A good way to do this is gradually build up your exposure to powerful transpersonal experiences such as good live music! If you open the magical doors a little bit at first you can gradually expand your capacity to channel and utilise the flowing waters of life that live music can invoke.
Listening to recordings of evocative bands (Emperor come to mind) is good training, too.
Be aware that the scale of the performance is not a reliable predictor of the power it might evoke. Seeing Roger Waters and band perform the Pink Floyd back catalogue in full luxury was deeply profound to me; but Joe Dolce with an acoustic guitar in a back shed at some crappy Australian folk festival can reduce me to a puddle with a single chord.
A warning: avoid bad music, which can block you up like molasses in a straw. Here in Australia, for example, there is an endless rogues’ gallery of miserable blues and ‘roots’ bands, each replicating the same tired forms in a spirit of miserable pig-headedness. No creative spark to be seen.
I feel that such music can create magical and psychological constipation: so avoid!
In summary, then, live music provides three main doors into magical and spiritual experience (via the application of the imagination).
Firstly through the intense shared consciousness that can emerge in the synergy of audience and performers. Secondly, through the spirit channelled by the performers themselves. Thirdly, through your individual response to the performance, be it reflective (a moment of clarity) or visceral (the union of conscious and unconscious experience in dance or movement).
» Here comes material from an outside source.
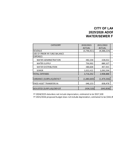 FY 2025/2026 proposed budget does not include depreciation, estimated to be $565,900

All of these doors are worth entering and exploring; and for all the gathered press about you, no one will even know that you are working magic into the world as the band plays on.
Some music styles are more trance inducing than others. Droning notes; repetitive beats; music with slow note changes and lots of delay/flange/phaser/reverb; music in compound time signatures – all classic tools for intense trance induction. Then again, a hip hop MC in full flight and a spiralling jazz horn soloist can have the same effect.
The key seems to be something about alternating layers of repetition or stillness (recurring rhythms, droning notes, etc) layered against unfolding variations (solos, gradual chord transmutations, etc).
The means shapes the experience of course (I’m not like to get homicidal watching Tony Eardley or lovelorn watching Aeon of Horus), but the ends are very much up your own particular creativity. Oh yeah, and check out Tool, in particular their album Lateralus. They’ll pretty much take you everywhere you could possibly need to go.